WHAT THE EXERCISE ASKS
Return every line of the records, exact and in full, until you have returned the line with "Coat of arms of", and include none of the pictures.
··· PROVIDED MATERIAL
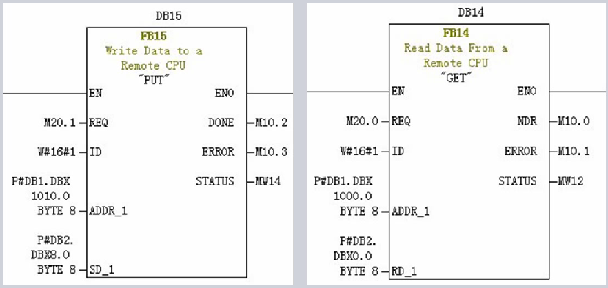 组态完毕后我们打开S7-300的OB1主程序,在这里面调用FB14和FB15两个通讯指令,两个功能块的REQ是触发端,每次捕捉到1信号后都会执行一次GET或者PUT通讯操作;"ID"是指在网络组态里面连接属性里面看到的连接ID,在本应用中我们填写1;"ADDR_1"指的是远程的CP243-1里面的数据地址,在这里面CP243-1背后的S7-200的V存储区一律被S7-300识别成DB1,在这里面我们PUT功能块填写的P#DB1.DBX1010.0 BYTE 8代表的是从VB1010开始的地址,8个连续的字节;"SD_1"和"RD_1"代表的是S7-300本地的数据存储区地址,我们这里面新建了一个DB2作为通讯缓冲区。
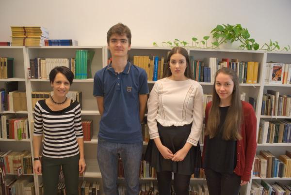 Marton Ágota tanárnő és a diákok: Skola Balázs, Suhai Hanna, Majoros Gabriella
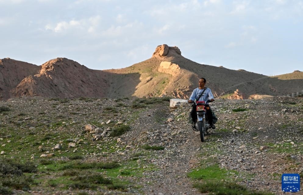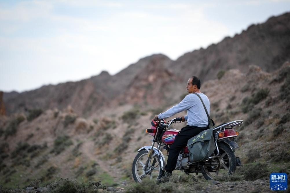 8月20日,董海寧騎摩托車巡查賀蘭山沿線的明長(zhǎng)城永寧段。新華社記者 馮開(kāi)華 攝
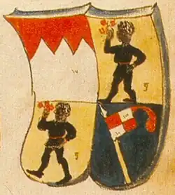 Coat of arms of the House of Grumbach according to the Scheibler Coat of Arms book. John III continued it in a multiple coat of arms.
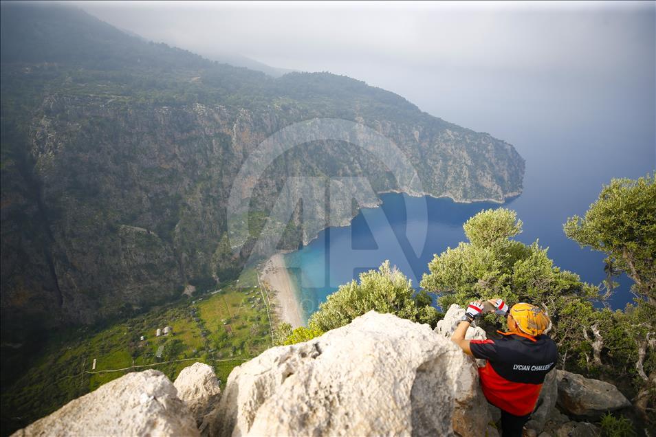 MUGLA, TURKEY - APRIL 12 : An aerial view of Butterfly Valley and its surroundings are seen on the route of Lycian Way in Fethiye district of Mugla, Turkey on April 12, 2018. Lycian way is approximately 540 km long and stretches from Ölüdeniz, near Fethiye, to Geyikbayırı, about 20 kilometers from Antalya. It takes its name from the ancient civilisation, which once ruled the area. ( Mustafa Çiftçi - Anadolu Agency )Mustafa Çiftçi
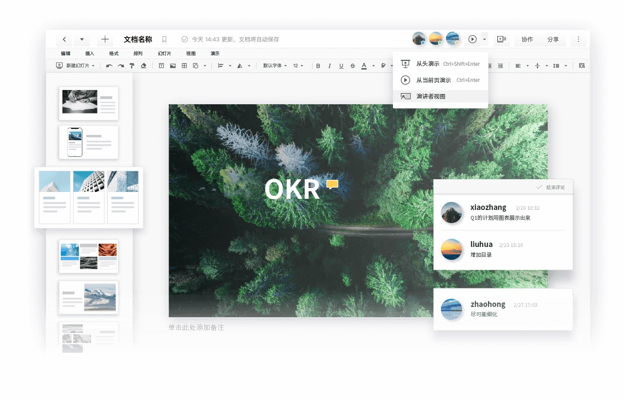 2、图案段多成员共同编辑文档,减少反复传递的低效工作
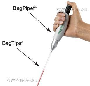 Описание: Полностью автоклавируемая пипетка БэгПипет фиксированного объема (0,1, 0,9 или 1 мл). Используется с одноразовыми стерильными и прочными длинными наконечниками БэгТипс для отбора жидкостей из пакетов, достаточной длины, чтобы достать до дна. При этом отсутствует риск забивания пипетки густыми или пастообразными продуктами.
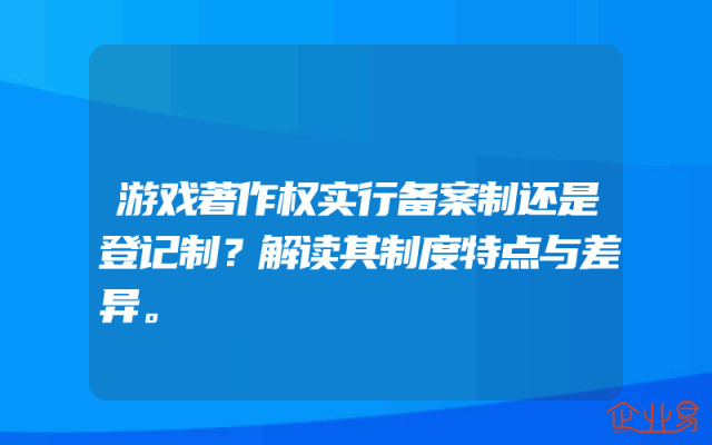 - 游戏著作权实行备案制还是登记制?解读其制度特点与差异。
······
TASK SOLUTION
 组态完毕后我们打开S7-300的OB1主程序,在这里面调用FB14和FB15两个通讯指令,两个功能块的REQ是触发端,每次捕捉到1信号后都会执行一次GET或者PUT通讯操作;"ID"是指在网络组态里面连接属性里面看到的连接ID,在本应用中我们填写1;"ADDR_1"指的是远程的CP243-1里面的数据地址,在这里面CP243-1背后的S7-200的V存储区一律被S7-300识别成DB1,在这里面我们PUT功能块填写的P#DB1.DBX1010.0 BYTE 8代表的是从VB1010开始的地址,8个连续的字节;"SD_1"和"RD_1"代表的是S7-300本地的数据存储区地址,我们这里面新建了一个DB2作为通讯缓冲区。
 Marton Ágota tanárnő és a diákok: Skola Balázs, Suhai Hanna, Majoros Gabriella
 8月20日,董海寧騎摩托車巡查賀蘭山沿線的明長(zhǎng)城永寧段。新華社記者 馮開(kāi)華 攝
 Coat of arms of the House of Grumbach according to the Scheibler Coat of Arms book. John III continued it in a multiple coat of arms.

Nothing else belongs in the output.